Abstract#

The number of use cases for AI within an enterprise, including examples such as language modeling, cybersecurity, autonomous systems, and healthcare, continues to expand quickly. Not only have the number of use cases grown, but model complexity and data sources also are growing. The system required to process, train, and serve these next generation models must also grow. Training models commonly use dozens of GPUs for evaluating and optimizing different model configurations and parameters. Training data must be readily accessible to all the GPUs for these new workloads. In addition, organizations have many AI researchers that must train numerous models simultaneously. Enterprises need the flexibility for multiple developers and researchers to share these resources as they refine and bring their AI stack to production.

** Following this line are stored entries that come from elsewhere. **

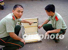 圖:一塊華航空難客機殘骸運抵泉州 2002年05月30日 10:37 ![]() 五月二十九日下午,“閩泉漁0一七九號”漁船將打撈出的一塊華航客機殘骸交予邊防派出所。這塊客機殘骸是一塊“T”字型的鋁合金邊的木板,木板邊沿上刻有“409A”、“409”兩處紅色標記,一塊木板右上側貼有一小塊黑色的鐵皮,上面印有“MAX.INSERT”和“WEIGHT 40.0 POUNDS”兩排英文字母。徐承彬 攝
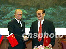 中國國家主席江澤民與俄羅斯總統(tǒng)普京二日在北京人民大會(huì)堂共同簽署中俄聯(lián)合聲明。作者:毛建軍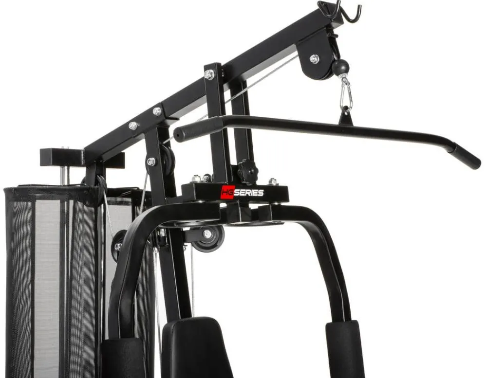 | Ominaisuudet: Painopakassa täyspitkä mesh-kangassuoja. Rintaprässi / pec deck. Ylätalja / alatalja. Reidenojentaja / reidenkoukistus |

NVIDIA DGX BasePOD™ provides the underlying infrastructure and software to accelerate deployment and execution of these AI workloads. By building upon the success of NVIDIA DGX systems, DGX BasePOD is a prescriptive AI infrastructure for enterprises, eliminating the design challenges, lengthy deployment cycle, and management complexity traditionally associated with scaling AI infrastructure. Powered by NVIDIA Base Command™, DGX BasePOD provides the essential foundation for AI development optimized for enterprise.

This reference architecture discusses the key components of DGX BasePOD and provides a prescriptive design for DGX BasePOD solutions.